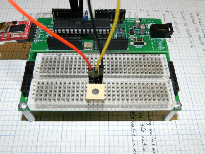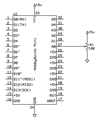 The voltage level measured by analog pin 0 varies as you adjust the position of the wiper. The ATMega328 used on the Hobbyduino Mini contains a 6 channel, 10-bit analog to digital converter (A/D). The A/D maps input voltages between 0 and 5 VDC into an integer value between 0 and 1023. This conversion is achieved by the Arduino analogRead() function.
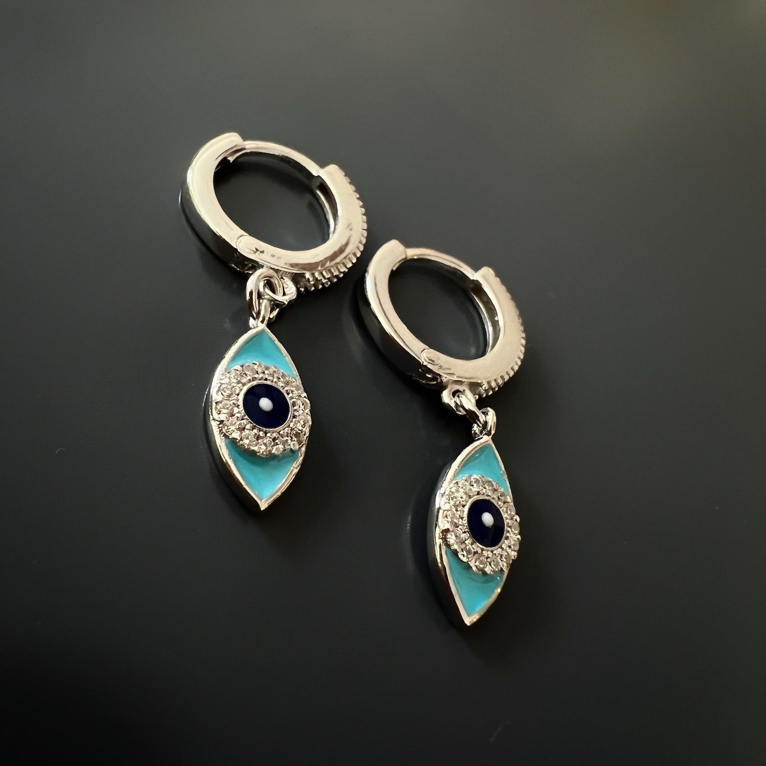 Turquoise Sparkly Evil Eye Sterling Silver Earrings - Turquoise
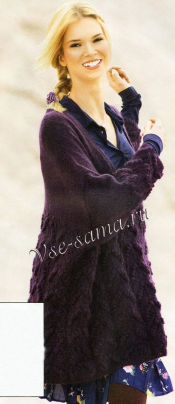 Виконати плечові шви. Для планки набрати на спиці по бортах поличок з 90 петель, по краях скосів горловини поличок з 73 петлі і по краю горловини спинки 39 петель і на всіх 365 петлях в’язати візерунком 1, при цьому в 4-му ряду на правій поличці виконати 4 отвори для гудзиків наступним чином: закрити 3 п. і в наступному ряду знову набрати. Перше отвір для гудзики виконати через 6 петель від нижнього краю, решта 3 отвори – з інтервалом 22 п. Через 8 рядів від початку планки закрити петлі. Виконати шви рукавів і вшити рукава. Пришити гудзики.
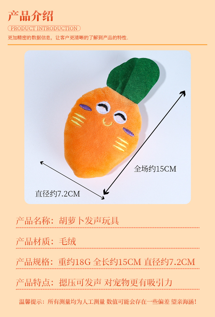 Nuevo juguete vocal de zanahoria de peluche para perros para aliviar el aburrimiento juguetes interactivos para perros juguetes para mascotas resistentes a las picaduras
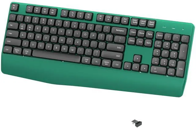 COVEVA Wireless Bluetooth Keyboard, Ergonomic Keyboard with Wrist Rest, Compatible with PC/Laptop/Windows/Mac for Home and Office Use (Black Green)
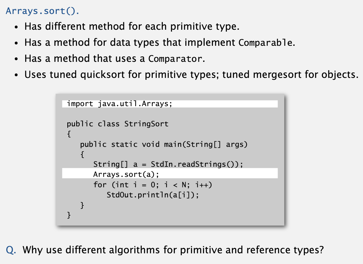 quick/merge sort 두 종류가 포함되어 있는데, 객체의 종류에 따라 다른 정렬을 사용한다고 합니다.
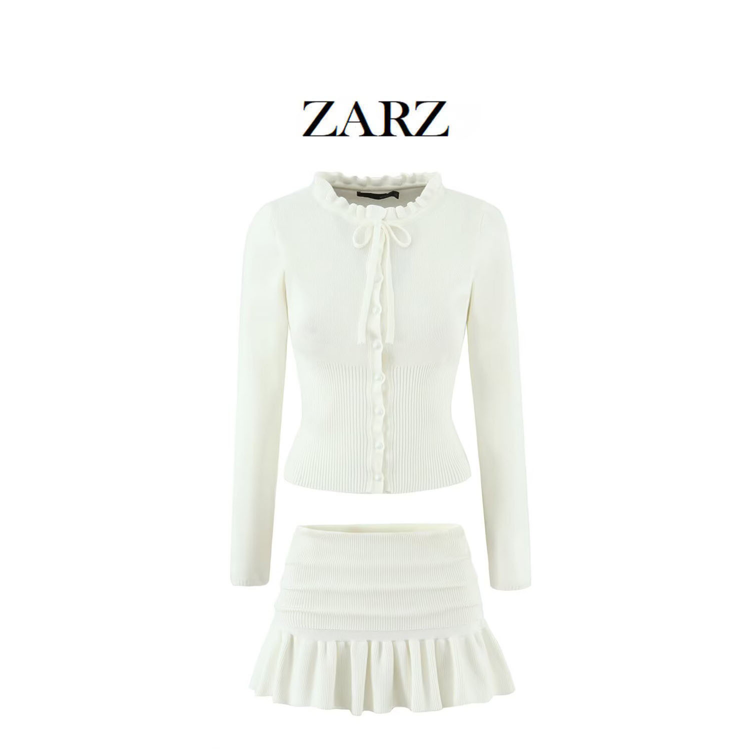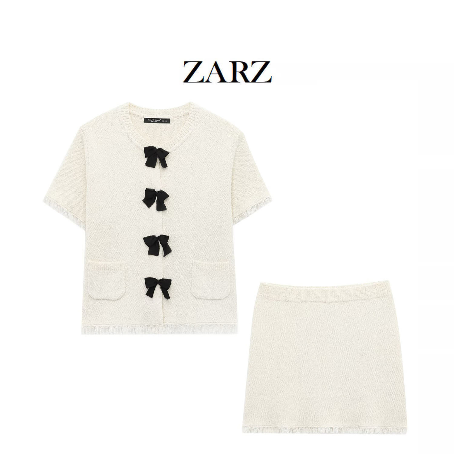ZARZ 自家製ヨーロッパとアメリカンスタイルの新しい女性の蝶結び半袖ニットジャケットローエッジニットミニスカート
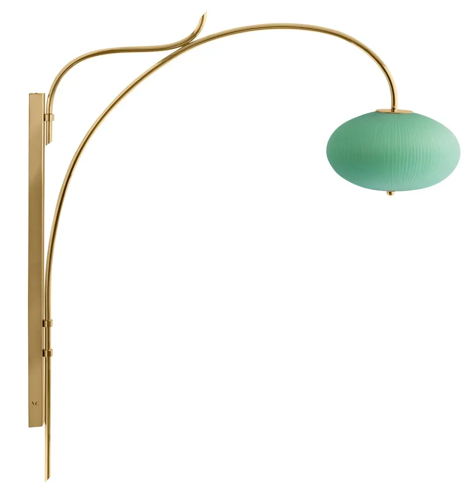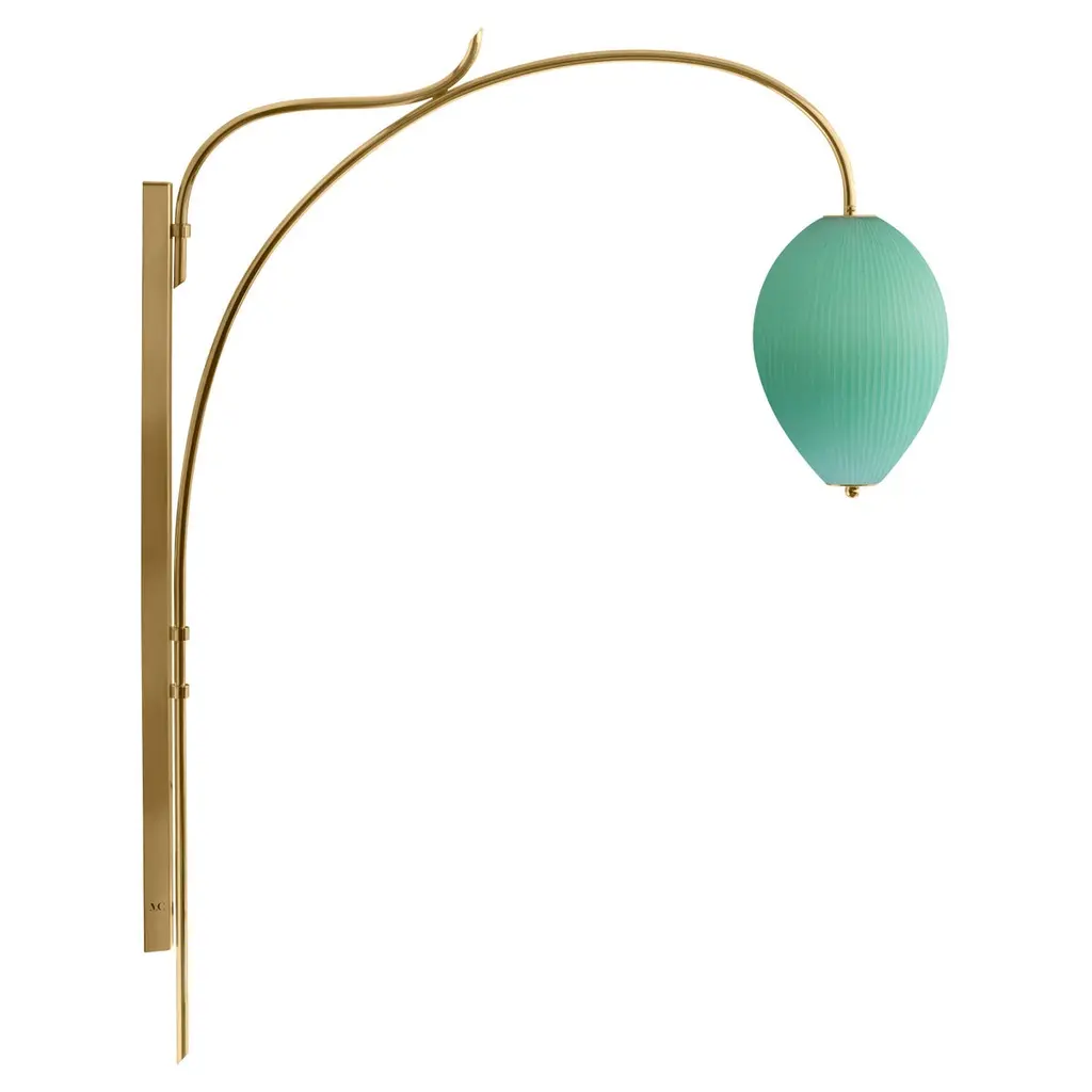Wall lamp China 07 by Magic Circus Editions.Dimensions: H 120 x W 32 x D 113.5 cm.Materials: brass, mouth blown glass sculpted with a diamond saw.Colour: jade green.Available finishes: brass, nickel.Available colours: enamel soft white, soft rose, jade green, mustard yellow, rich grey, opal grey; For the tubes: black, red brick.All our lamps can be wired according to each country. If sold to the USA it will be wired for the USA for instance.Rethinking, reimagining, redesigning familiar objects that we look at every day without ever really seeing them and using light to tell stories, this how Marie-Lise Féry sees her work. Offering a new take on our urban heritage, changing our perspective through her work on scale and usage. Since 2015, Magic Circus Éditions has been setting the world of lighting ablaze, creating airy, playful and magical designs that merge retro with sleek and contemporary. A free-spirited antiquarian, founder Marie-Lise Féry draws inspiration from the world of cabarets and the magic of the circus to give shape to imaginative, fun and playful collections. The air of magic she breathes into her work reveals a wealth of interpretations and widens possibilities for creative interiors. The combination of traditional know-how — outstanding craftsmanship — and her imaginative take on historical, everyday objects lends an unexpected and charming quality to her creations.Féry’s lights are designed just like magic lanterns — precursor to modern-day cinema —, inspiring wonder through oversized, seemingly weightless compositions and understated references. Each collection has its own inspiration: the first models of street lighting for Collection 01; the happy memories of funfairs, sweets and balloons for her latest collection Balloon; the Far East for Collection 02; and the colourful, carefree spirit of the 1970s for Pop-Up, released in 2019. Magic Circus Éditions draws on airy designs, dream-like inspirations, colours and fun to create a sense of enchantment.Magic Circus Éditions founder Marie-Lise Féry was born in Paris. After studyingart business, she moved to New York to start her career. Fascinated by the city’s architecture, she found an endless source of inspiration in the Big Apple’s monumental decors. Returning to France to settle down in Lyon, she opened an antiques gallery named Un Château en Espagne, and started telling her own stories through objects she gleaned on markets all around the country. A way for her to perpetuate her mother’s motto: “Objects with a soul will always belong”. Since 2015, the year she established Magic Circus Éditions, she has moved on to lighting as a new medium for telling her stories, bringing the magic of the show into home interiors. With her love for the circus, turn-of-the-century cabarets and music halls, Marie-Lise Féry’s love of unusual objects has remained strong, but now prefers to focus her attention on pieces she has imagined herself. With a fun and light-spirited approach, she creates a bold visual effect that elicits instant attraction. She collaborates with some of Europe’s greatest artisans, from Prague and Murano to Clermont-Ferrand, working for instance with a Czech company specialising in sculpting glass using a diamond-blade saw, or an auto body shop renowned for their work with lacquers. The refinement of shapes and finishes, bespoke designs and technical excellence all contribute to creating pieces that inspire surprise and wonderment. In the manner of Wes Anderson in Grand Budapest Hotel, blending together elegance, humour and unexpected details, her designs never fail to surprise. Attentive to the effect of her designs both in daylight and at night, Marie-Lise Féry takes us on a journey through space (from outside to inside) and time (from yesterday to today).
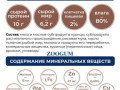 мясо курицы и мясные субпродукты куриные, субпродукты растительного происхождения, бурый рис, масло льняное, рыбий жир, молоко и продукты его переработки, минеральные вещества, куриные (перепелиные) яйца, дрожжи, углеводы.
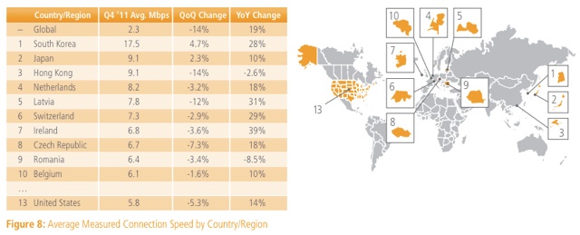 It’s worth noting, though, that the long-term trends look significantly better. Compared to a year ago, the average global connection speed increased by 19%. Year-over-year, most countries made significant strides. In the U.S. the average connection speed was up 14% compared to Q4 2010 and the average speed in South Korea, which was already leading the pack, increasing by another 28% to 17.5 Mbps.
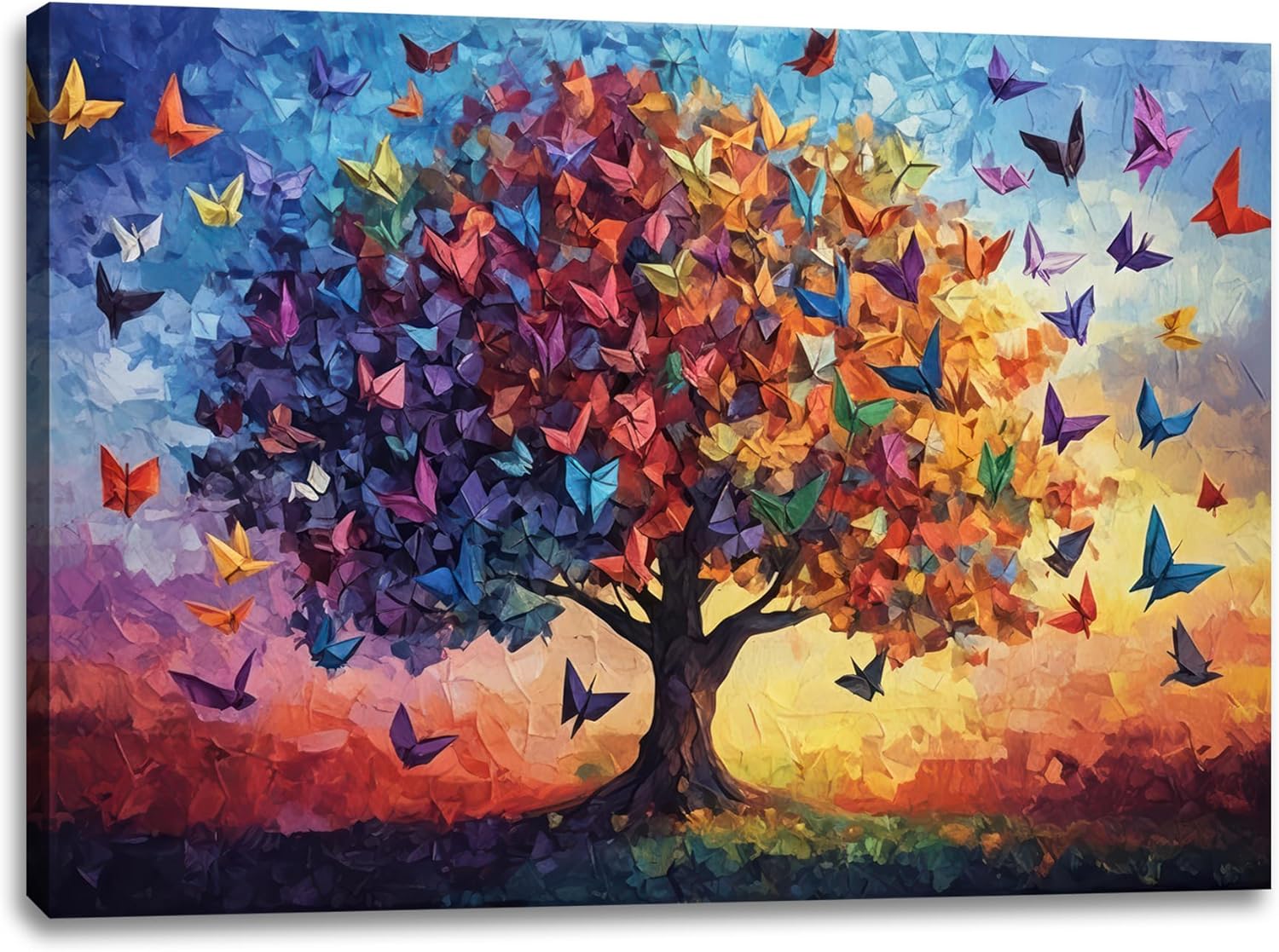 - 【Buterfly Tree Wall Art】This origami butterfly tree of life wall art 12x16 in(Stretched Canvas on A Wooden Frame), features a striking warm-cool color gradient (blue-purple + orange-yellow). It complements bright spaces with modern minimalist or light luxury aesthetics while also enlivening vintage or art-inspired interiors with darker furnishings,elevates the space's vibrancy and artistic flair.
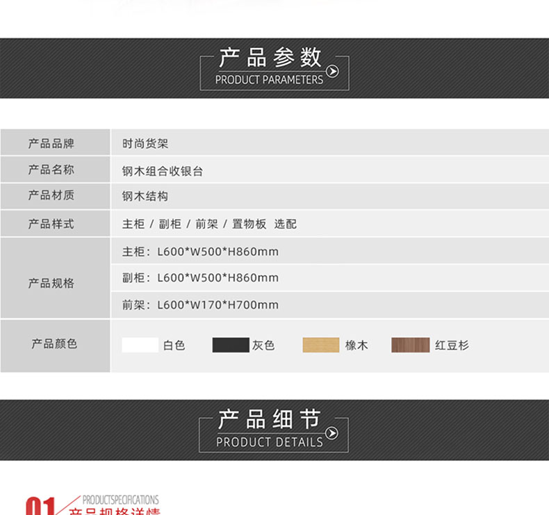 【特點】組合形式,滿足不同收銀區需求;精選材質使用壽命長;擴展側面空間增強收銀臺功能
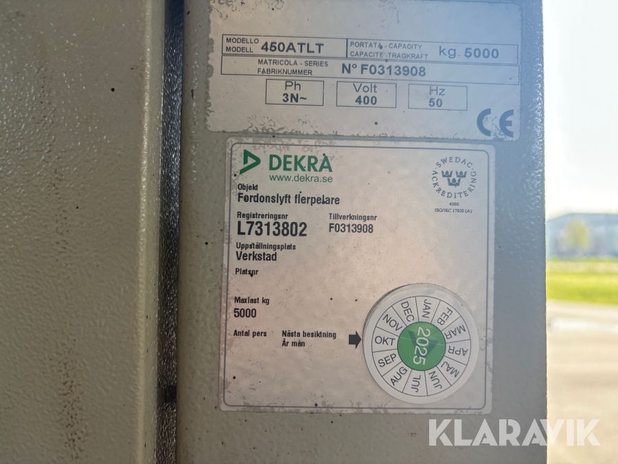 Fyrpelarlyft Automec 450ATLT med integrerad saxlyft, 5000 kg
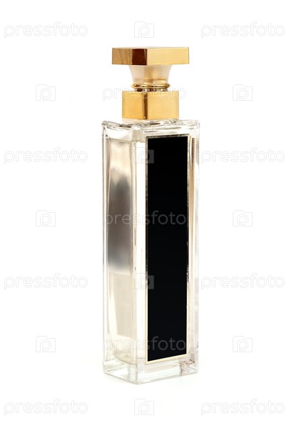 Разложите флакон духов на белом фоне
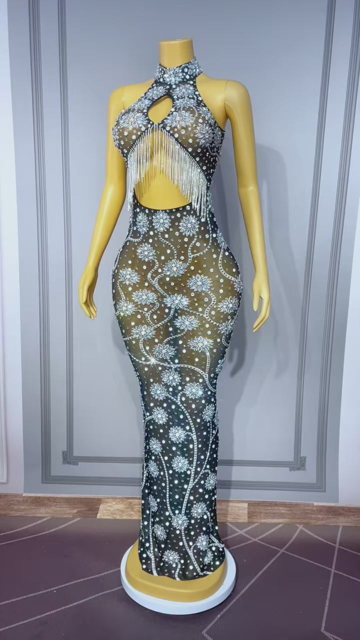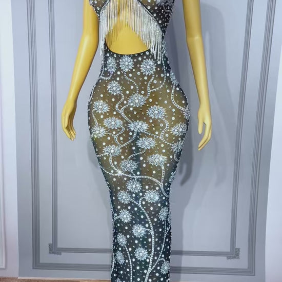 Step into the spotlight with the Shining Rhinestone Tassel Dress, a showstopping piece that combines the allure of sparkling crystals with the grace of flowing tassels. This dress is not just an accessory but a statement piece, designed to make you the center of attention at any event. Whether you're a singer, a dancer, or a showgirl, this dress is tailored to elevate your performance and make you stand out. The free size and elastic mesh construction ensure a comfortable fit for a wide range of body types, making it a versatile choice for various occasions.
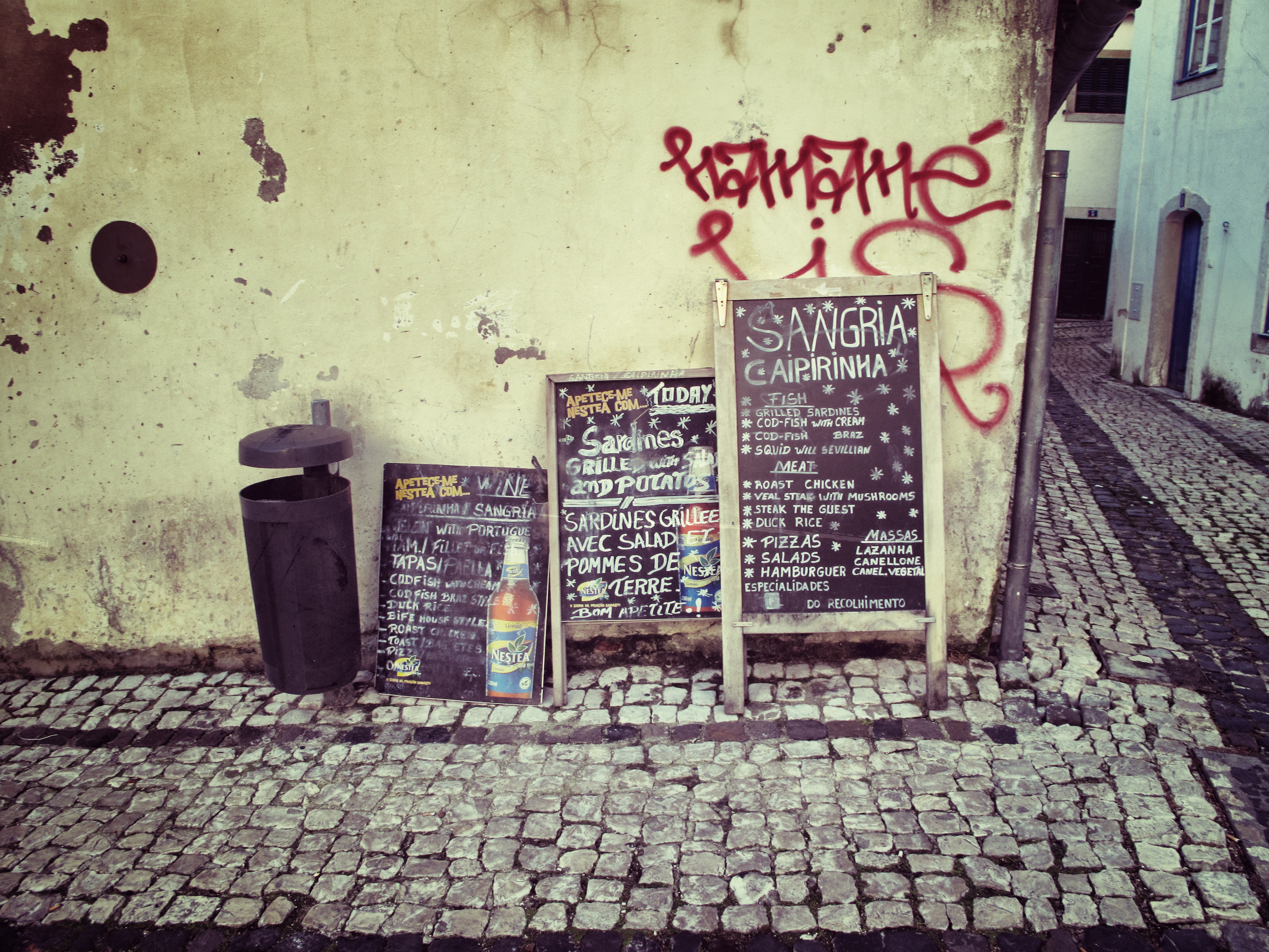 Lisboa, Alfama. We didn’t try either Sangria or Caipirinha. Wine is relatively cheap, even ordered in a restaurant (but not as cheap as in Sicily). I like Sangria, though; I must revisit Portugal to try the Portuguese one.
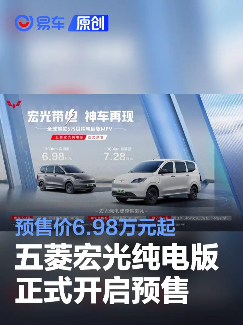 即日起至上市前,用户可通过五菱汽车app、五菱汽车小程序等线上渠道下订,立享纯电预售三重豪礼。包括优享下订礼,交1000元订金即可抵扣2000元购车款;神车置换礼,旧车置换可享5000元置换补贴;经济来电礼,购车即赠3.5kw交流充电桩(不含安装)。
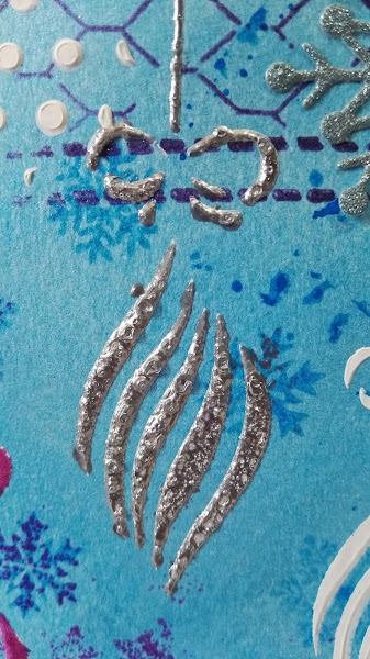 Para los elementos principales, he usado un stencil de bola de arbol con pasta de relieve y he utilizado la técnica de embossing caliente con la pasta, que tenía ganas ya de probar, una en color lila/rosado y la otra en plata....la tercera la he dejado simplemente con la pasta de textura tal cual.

## Description of the task
The reply should hold only the lines running from the top of the records to the line containing "Turquoise Sparkly Evil", both included, copied exactly with no pictures.

## Task solution
 The voltage level measured by analog pin 0 varies as you adjust the position of the wiper. The ATMega328 used on the Hobbyduino Mini contains a 6 channel, 10-bit analog to digital converter (A/D). The A/D maps input voltages between 0 and 5 VDC into an integer value between 0 and 1023. This conversion is achieved by the Arduino analogRead() function.
 Turquoise Sparkly Evil Eye Sterling Silver Earrings - Turquoise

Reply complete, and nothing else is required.